▶ Required work:
When you retype the data, keep every word exactly and include none of the pictures.

▶ Source data:
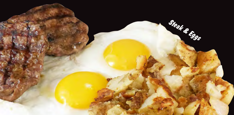
Steak & Eggs
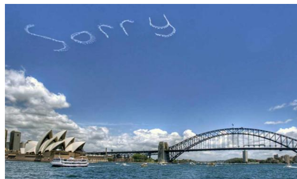
National Apology to the Stolen Generations
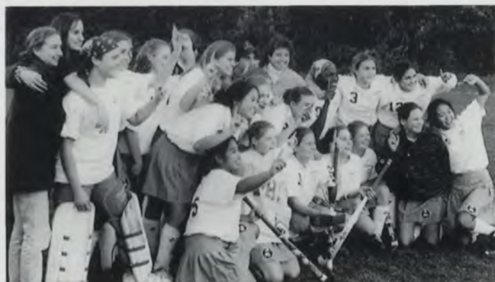
Girls interscholastic teams, led by a very athletic senior class, shone throughout the fall. Field hockey (14-2-0) had a fantastic season that included victories over local rivals Stuart and Lawrenceville. The team went on to win the Prep A State Championship (above) in a beautifully played and highly skilled game against Blair Academy. Girls soccer (15-3-4) played a grueling schedule that comprised some of the top teams in the state. PDS, formerly in the Prep B division, elected to play in the more competitive Prep A State Tournament where, having beaten Lawrenceville in a hard fought, rain drenched semi-final match, it lost to top-ranked Peddie in a closely contested final game, 2-1. The tennis team, although rebuilding, enjoyed a solid season with 8 wins, 4 losses.
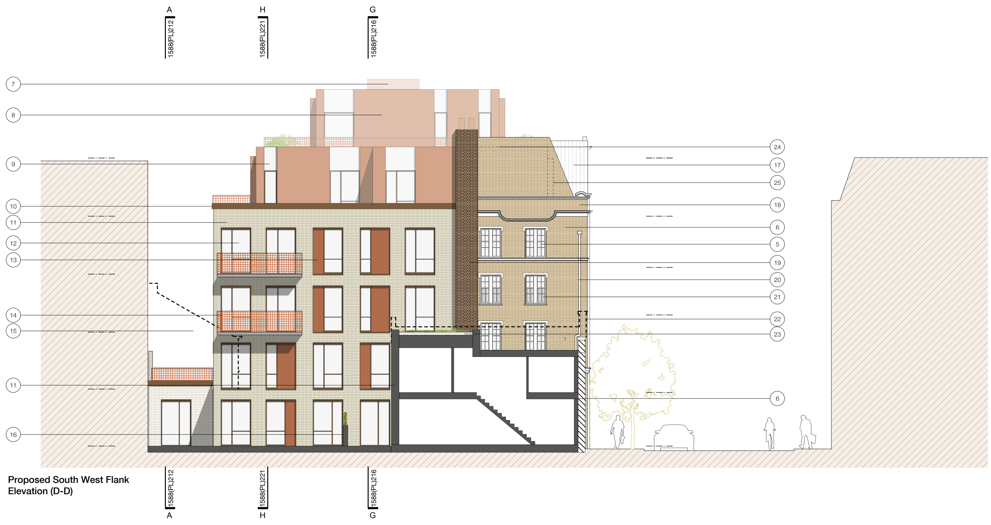
Proposed South West Flank Elevation (D-D)
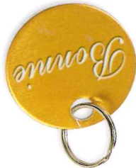
a name tag
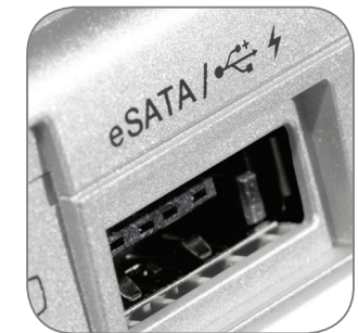
▶ USB Sleep-and-Charge/ eSATA port
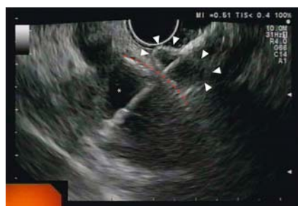
► Fig. 4 Endoscopic ultrasound view of the distal flange of the stent (arrowheads) fully released outside of the common bile duct (CBD; *). The wall of the CBD is highlighted by the red dashed line.
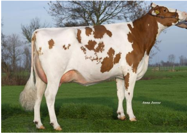
Batouwe Ailisha Salva Red VG-85
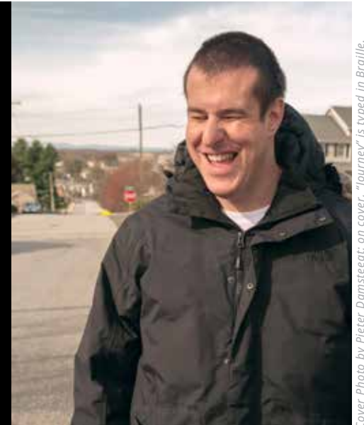
on cover, "Journey" is typed in Braille.

Dear Reader: The publication in your hands represents the collaborative efforts of the North American Division and Adventist World magazine, which follows Adventist Journey (after page 16). Please enjoy both magazines!
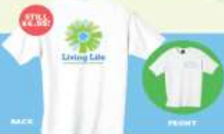
White T-shirt HANES BEEFY T 5 ® – HEAVIER THAN HEAVYWEIGHT PRODUCT #8159 M, L, XL $6.95 PRODUCT #8160 XXL $8.95 PRODUCT #8161 XXXL $9.95
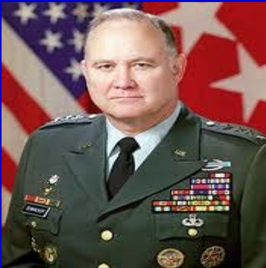
Norman Schwarzkopf, Jr.
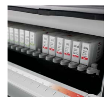
Refrigerated onboard reagents

▶ Task solution:
Steak & Eggs
National Apology to the Stolen Generations
Girls interscholastic teams, led by a very athletic senior class, shone throughout the fall. Field hockey (14-2-0) had a fantastic season that included victories over local rivals Stuart and Lawrenceville. The team went on to win the Prep A State Championship (above) in a beautifully played and highly skilled game against Blair Academy. Girls soccer (15-3-4) played a grueling schedule that comprised some of the top teams in the state. PDS, formerly in the Prep B division, elected to play in the more competitive Prep A State Tournament where, having beaten Lawrenceville in a hard fought, rain drenched semi-final match, it lost to top-ranked Peddie in a closely contested final game, 2-1. The tennis team, although rebuilding, enjoyed a solid season with 8 wins, 4 losses.
Proposed South West Flank Elevation (D-D)
a name tag
▶ USB Sleep-and-Charge/ eSATA port
► Fig. 4 Endoscopic ultrasound view of the distal flange of the stent (arrowheads) fully released outside of the common bile duct (CBD; *). The wall of the CBD is highlighted by the red dashed line.
Batouwe Ailisha Salva Red VG-85
on cover, "Journey" is typed in Braille.

Dear Reader: The publication in your hands represents the collaborative efforts of the North American Division and Adventist World magazine, which follows Adventist Journey (after page 16). Please enjoy both magazines!
White T-shirt HANES BEEFY T 5 ® – HEAVIER THAN HEAVYWEIGHT PRODUCT #8159 M, L, XL $6.95 PRODUCT #8160 XXL $8.95 PRODUCT #8161 XXXL $9.95
Norman Schwarzkopf, Jr.
Refrigerated onboard reagents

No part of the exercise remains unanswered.